ESTA organises conference on on-shore wind farm safety

23 November 2016 by Sotiris Kanaris


The European Association for Abnormal Road Transport and Mobile Cranes (ESTA) is launching a new conference early next year to address growing concerns about safety during the transportation and erection of on-shore wind turbines.

Called ‘New challenges in on-shore wind farm construction – safety, productivity and the supply chain’, the event will be a one-day conference and reception, with leading industry speakers from across the sector. It will take place at the Bucerius Law School in Hamburg, Germany, on February 23.

Supporting ESTA in the organisation of the event is the Cranes and Lifting Equipment Product Group of FEM, the European Materials Handling Federation.

ESTA said: “Industry sources estimate that there are currently two accidents a month, and fear that the situation will worsen due to pressure on costs and new, bigger turbines.”

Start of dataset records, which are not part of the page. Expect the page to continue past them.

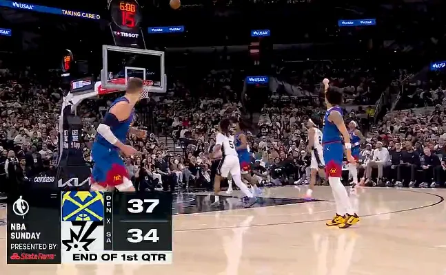 第一节比赛中,约基奇打满12分钟拿到12分7篮板,掘金首节37-34领先马刺。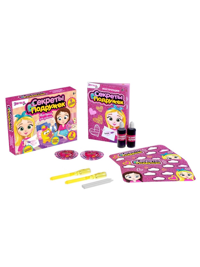 С набором «Секреты подружек» отправить тайное послание теперь проще простого. Благодаря увлекательному опыту малышка составит зашифрованный текст, а её подруга легко превратит его в нормальный. А ещё можно записать секреты с помощью карточек с окошками, использовать невидимые чернила и даже восковый карандаш.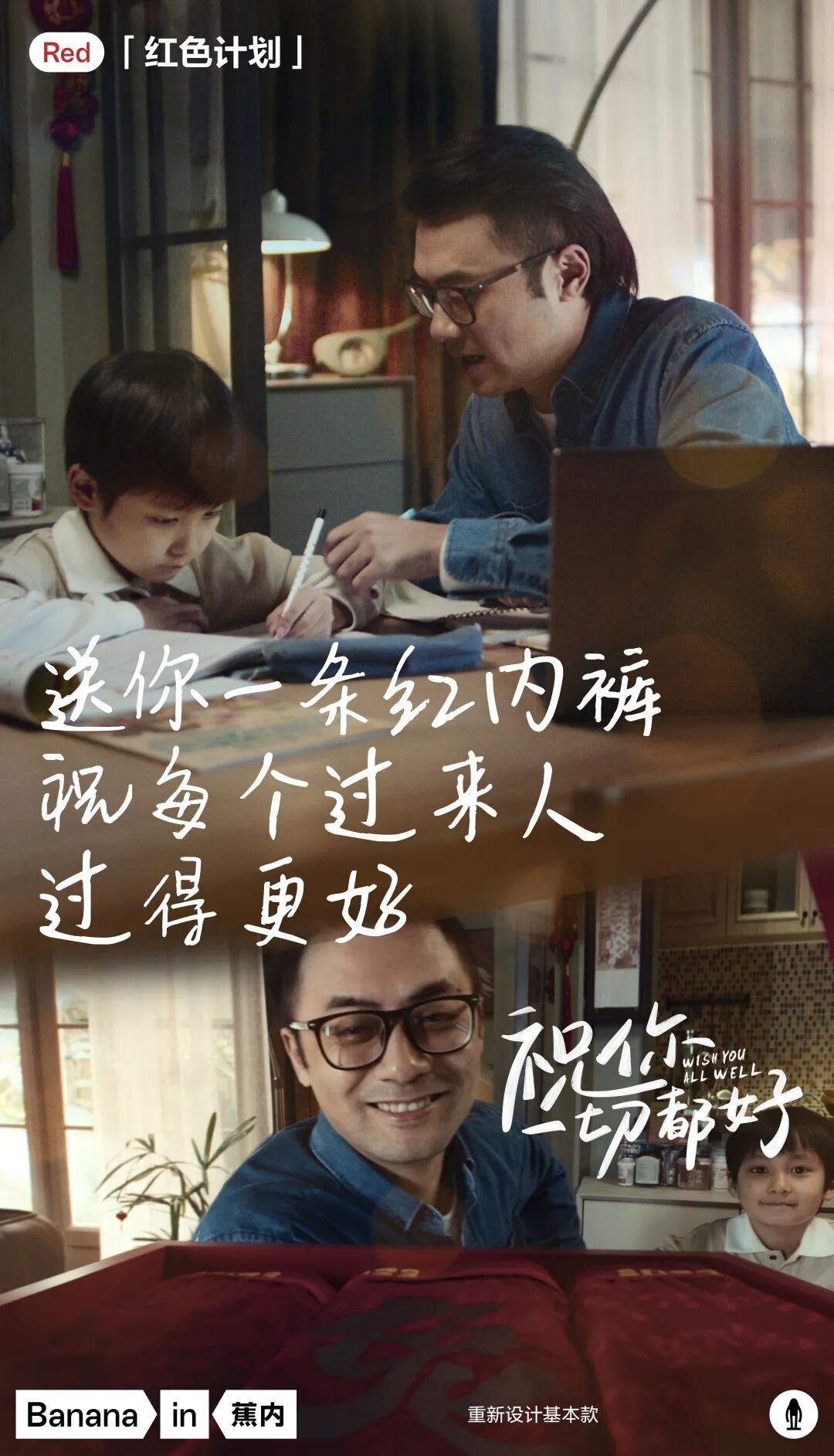 基于这一春节“祝福”需求与洞察,蕉内回到消费者视角,用一个春节“红运”祝福的温情故事与广大消费者展开了一场情感沟通,不仅将蕉内“红品=红运”的新春红色文化植入大众心智,更将春节的“祝福”氛围感烘托到极致,仿若一首穿越四季的悠扬长歌,隽永动人。

As a result, European heavy transport and crane rental companies are calling on the developers and turbine manufacturers to join them in discussions about how incidents can be avoided.

The organisers also hope that summit will lead to the development of a new ‘best practice guide’ that will raise standards, boost productivity and reduce the number of accidents.

ESTA director Søren Jansen said: “Just a few years ago, using large cranes to the maximum of their capabilities was not seen every day. Now it is commonplace, and we have all read about or seen accidents, involving very large cranes, especially when used to erect wind turbines.

“Our industry is facing a lot of challenges in this sector when erecting the wind turbines due to the increase of hub heights and the size and weight of the turbines.

“The hub heights in Europe often exceed 160m, the crane boom lengths used are exceeding 170m, and such extremely long booms are being used frequently in high wind conditions. What is more, turbine manufacturers are now talking about hub heights up to 200m or even higher.”

ESTA highlighted that crane manufacturers say they can respond to the challenges presented by such big turbines. However the association said that costs will rise as a result, an unwelcome prospect for energy companies and developers under pressure to keep prices as low as possible.

“Transport companies are also facing problems with ground conditions, quality of access roads and the manufacturers’ requirements which vary from firm to firm,” ESTA said.

ESTA president David Collett is calling for the turbine manufacturers to agree common standards to improve both safety and productivity.

He said: “ESTA will be lobbying for common standards among the turbine manufacturers regarding ground conditions, access roads and their transportation requirements.

“We are convinced that such common standards will not just improve safety but result in efficiencies that will benefit the entire supply chain, including the developers and turbine manufacturers themselves.”

ESTA has association members in 19 countries. It also has 35 affiliated members covering major transport and crane manufacturers.